B. Analisa Kuantitatif
1. Metode Kjeldahl
Metode ini merupakan metode yang sederhana untuk penetapan nitrogen total
pada asam amino, protein, dan senyawa yang mengandung nitrogen. Sampel didestruksi
dengan asam sulfat dan dikatalisis dengan katalisator yang sesuai sehingga akan
menghasilkan amonium sulfat. Setelah pembebasan alkali dengan kuat, amonia yang
terbentuk disuling uap secara kuantitatif ke dalam larutan penyerap dan ditetapkan secara
titrasi.
2. Metode Titrasi Formol
Larutan protein dinetralkan dengan basa (NaOH) lalu ditambahkan formalin akan
membentuk dimethilol. Dengan terbentuknya dimethilol ini berarti gugus aminonya
sudah terikat dan tidak akan mempengaruhi reaksi antara asam dengan basa NaOH
sehingga akhir titrasi dapat diakhiri dengan tepat. Indikator yang digunakan adalah p.p.,
akhir titrasi bila tepat terjadi perubahan warna menjadi merah muda yang tidak hilang
dalam 30 detik.
3. Metode Lowry
Prosedur :
Pembuatan reagen Lowry A : Merupakan larutan asam fosfotungstat-asam fosfomolibdat
dengan perbandingan (1 : 1) Pembuatan reagen Lowry B :Campurkan 2% natrium
karbonat dalam 100 ml natrium hidroksida 0,1N. Tambahkan ke dalam larutan tersebut 1
ml tembaga (II) sulfat 1% dan 1 ml kalium natrium tartrat 2%. Penetapan Kadar.
A. Pembuatan kurva baku.
Siapkan larutan bovin serum albumin dengan konsentrasi 300 µg/ml (Li). Buat
seri konsentrasi dalam tabung reaksi, misal dengan komposisi berikut : Tambahkan
ke dalam masing-masing tabung 8 ml reagen Lowry B dan biarkan selama 10 menit,
kemudian tambahkan 1 ml reagen Lowry A. Kocok dan biarkan selama 20 menit.

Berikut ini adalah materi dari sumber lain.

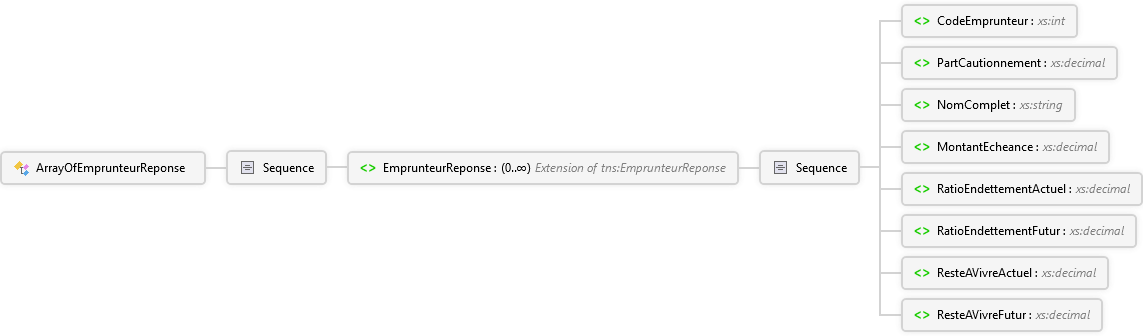 ResteAVivreFutur Élément ResteAVivreActuel Élément RatioEndettementFutur Élément RatioEndettementActuel Élément MontantEcheance Élément NomComplet Élément PartCautionnement Élément CodeEmprunteur Élément Sequence EmprunteurReponse Élément Sequence ArrayOfEmprunteurReponse Complex Type
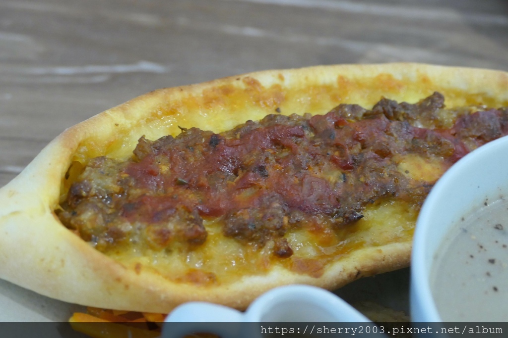 船型披薩是土耳其的基本風格,與義式披薩差異在加蛋又上了肉醬風,但餅身還是很順口,一種爽脆的口感,配起香料不錯喔。
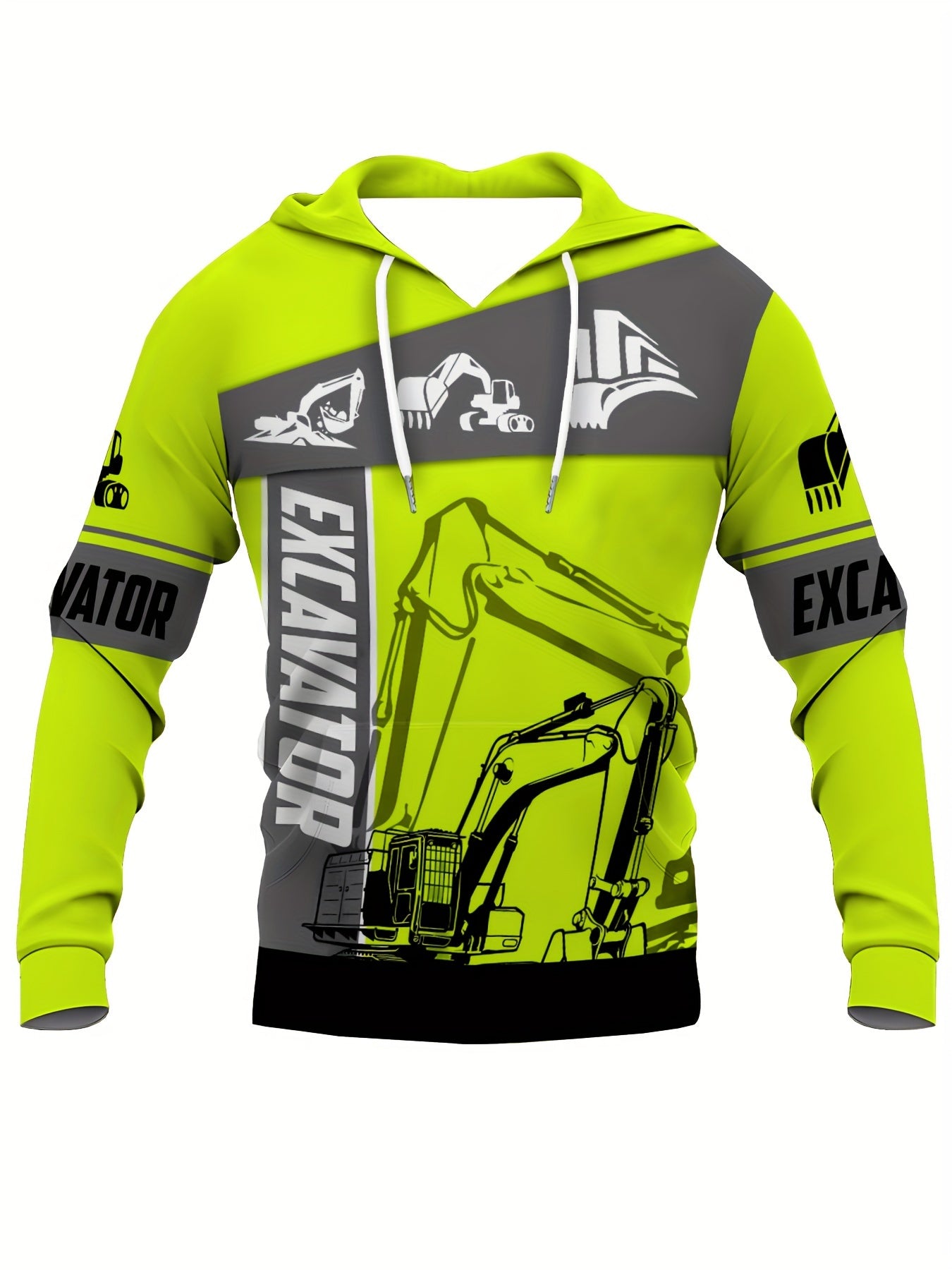 Men's Plus Size Hoodie with Excavator Print Long Sleeve Casual Knit Fall Spring
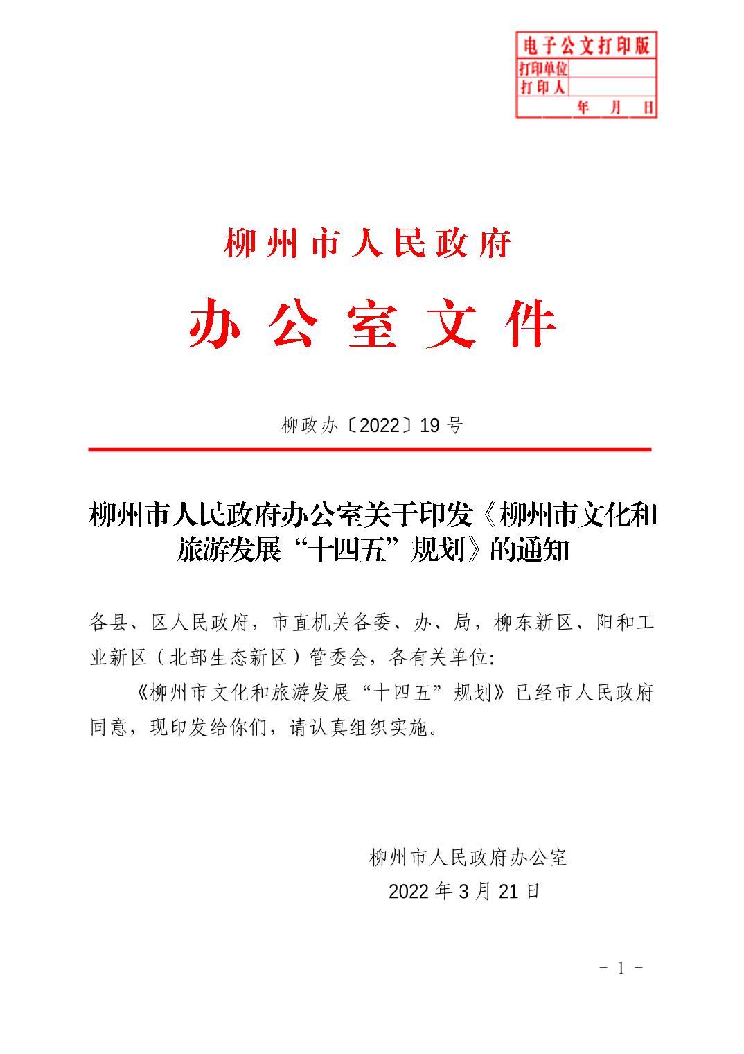 柳政办〔2022〕19号 柳州市人民政府办公室关于印发《柳州市文化和旅游发展“十四五”规划》的通知
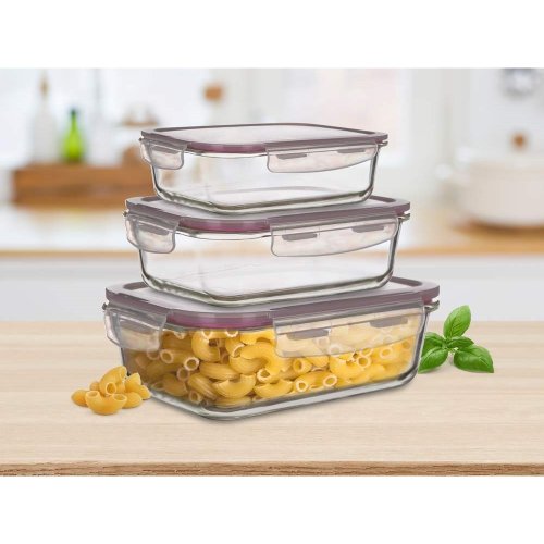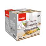 Sada dóz LORA 550 ml, 950ml a 1450ml jsou hermeticky uzavíratelné skleněné nádoby, které jsou vhodné pro uchovávání potravin v čerstvém stavu, zmrazování a ohřívání. Dokonale se hodí do pečící trouby (bez víčka) i mikrovlnné trouby. Díky speciálnímu víku je dóza ideální pro přepravu potravin. V nabídce máme několik velikostí.
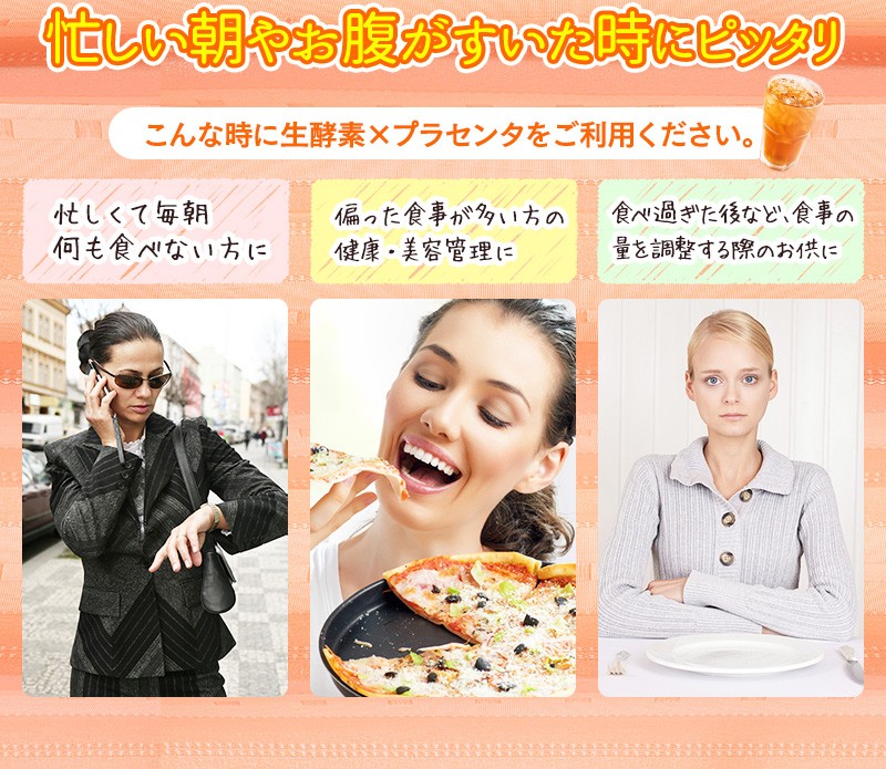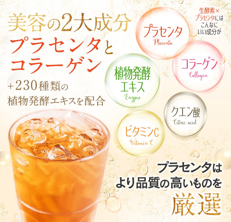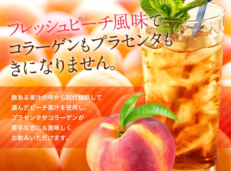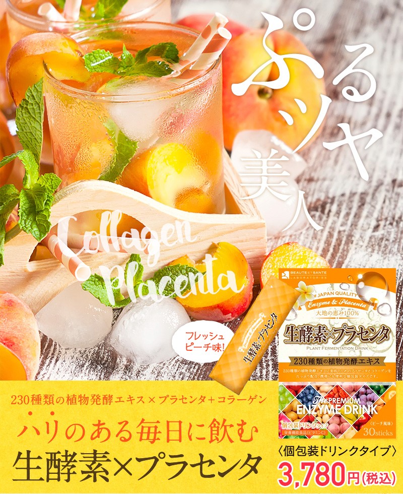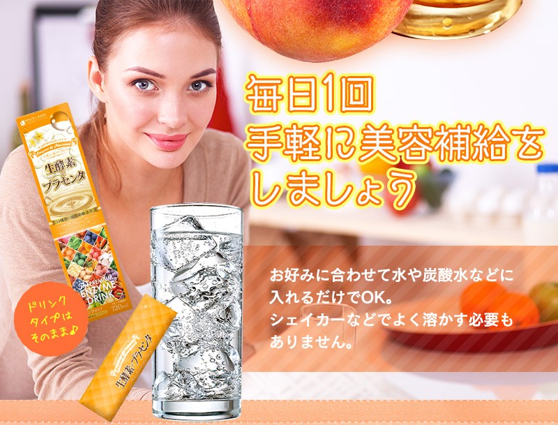 キレイな毎日をサポートする為に230種類の“植物発酵エキス”と美容の味方、“プラセンタエキス”と“コラーゲン”をギュッと詰め込みました。 美容や健康管理の為に美味しく簡単にたっぷりのプラセンタやコラーゲン、植物発酵エキスを補給できます。 味しいピーチ風味のドリンクです。持ち運びに便利な個包装です。

Baca absorbansinya pada panjang gelombang 600 nm tehadap blanko. (Sebagai
blanko adalah tabung reaksi no.1 pada tabel di atas)
B. Penyiapan Sampel.
Ambil sejumlah tertentu sampel protein yang terlarut misal albumin, endapkan
dahulu dengan penambahan amonium sulfat kristal (jumlahnya tergantung dari jenis
proteinnya, kalau perlu sampai mendekati kejenuhan amonium sulfat dalam larutan).
Pisahkan protein yang mengendap dengan sentrifus 11.000 rpm selama 10 menit,
pisahkan supernatannya. Presipitat yang merupakan proteinnya kemudian dilarutkan
kembali dengan dapar asam asetat pH 5 misal sampai 10,0 ml. Ambil volume tertentu
dan lakukan penetapan selanjutnya seperti pada kurva baku mulai dari penambahan 8
ml reagen Lowry A sampai seterusnya.